Loose frog?

February 2, 2010 at 11:29 PM ·

I just bought a bow which fits perfectly with my violin last week, but today i noticed the frog is slightly loose. If I hold the stick and push the frog, it will move about a millimeter. Is this a major problem?

Replies (5)

February 2, 2010 at 11:34 PM ·

One milimeter is a big gap, I think, take it to an archetier, don`t try to fix is by yourself.


February 3, 2010 at 02:35 AM ·

Hi Michael, I'm not understanding your inquiry about your bow. You say that when you "push the frog, it will move about a millimeter."

Are you referring to a rocking side-to-side of the frog on the stick? If so, then often simply tightening the eyelet (usually 1/2 turn) might take care of the problem. This is something that can often be done--with care--by a player.

If you are referring to a gap at the back of the frog where it is lifting off of the stick under the tension of the hair, then there might be wear on the eyelet or the screwholes. If this is the problem, then the bow should be taken to a bow specialist for an evaluation and repair.

I hope that this helps to steer you in the right direction of what might be happening with your bow. If you can clarify what you mean, and how the frog is moving, there might be better advice to come. I definitely second Luis's recommendation to get a bow expert to look at it for you. The movement of the frog might be something quite minor, or it could indicate a bigger problem.

Josh Henry, Bow Maker & Restorer

February 4, 2010 at 12:39 AM ·

 Thank you Josh, you quelled my anxiety :). It is merely the rocking side-to-side of the frog, and I will try turning the eyelet 1/2 a turn after I finish my calculus homework. Thanks again! :)

February 4, 2010 at 01:20 AM ·

Michael, as you attempt to tighten the eyelet, be VERY careful not to damage the thin, fragile sides of the underslide. If you attempt to do this with a standard pair of pliers, you will likely hit the sides of the underslide, bending them out. I use a pair of parallel-jaw jeweler's pliers that I have ground down the nose so I can turn the eyelet without hitting the sides.

A method that some people use--but I'm not saying this as a recommendation--is to place the front of the bow screw into the eyelet hole and use the screw to turn the eyelet. This method can also cause damage if the screw threads scrape over the top of the underslide, leaving little tooth-marks in the silver. You can also bend the screw if the eyelet doesn't easily turn.

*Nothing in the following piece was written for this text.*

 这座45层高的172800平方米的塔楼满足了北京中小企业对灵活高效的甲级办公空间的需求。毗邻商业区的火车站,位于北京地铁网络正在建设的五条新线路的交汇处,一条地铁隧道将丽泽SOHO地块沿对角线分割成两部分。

Josh Henry, Bow Maker & Restorer

May 11, 2016 at 06:06 AM · I've recently purchased a new bow, a big motivation was mostly because I could afford it, and that the old one is facing loose frog problem.

It wasn't the case in the beginning, I dropped the bow several times, its tip, bone piece is chipped, and the frog wiggles about 1mm perpendicular to the axis of the bow. This especially hindered fast staccatos and made my spiccatos sketchy because the angle of the hair wouldn't be the way I would expect it to be when I bow.

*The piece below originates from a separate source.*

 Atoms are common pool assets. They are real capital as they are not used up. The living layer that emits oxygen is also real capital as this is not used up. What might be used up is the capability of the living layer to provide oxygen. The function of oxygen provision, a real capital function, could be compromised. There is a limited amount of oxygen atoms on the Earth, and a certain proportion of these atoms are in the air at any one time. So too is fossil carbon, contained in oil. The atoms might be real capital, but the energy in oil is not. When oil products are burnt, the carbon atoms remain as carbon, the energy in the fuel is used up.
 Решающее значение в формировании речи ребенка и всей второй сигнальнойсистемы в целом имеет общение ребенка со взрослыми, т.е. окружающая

The new bow is amazing, the repair on the tip was going to cost me possibly around $100, and the bow itself costed me $300 last summer.

I decided to instead invest in a new bow, and keep this one as a spare.

I still wish to however improve the old bow.

Josh, when you refer to eyelet, do you mean by the button/screw to tighten the hair, or the metal piece that catches it, which is screwed into the frog?

A colleague of mine suggested tightening the latter, and I took a good look today, and it doesn't seem to want to budge. Also, I can spot a little bit of wear/damage on the stick where it makes contact with slide.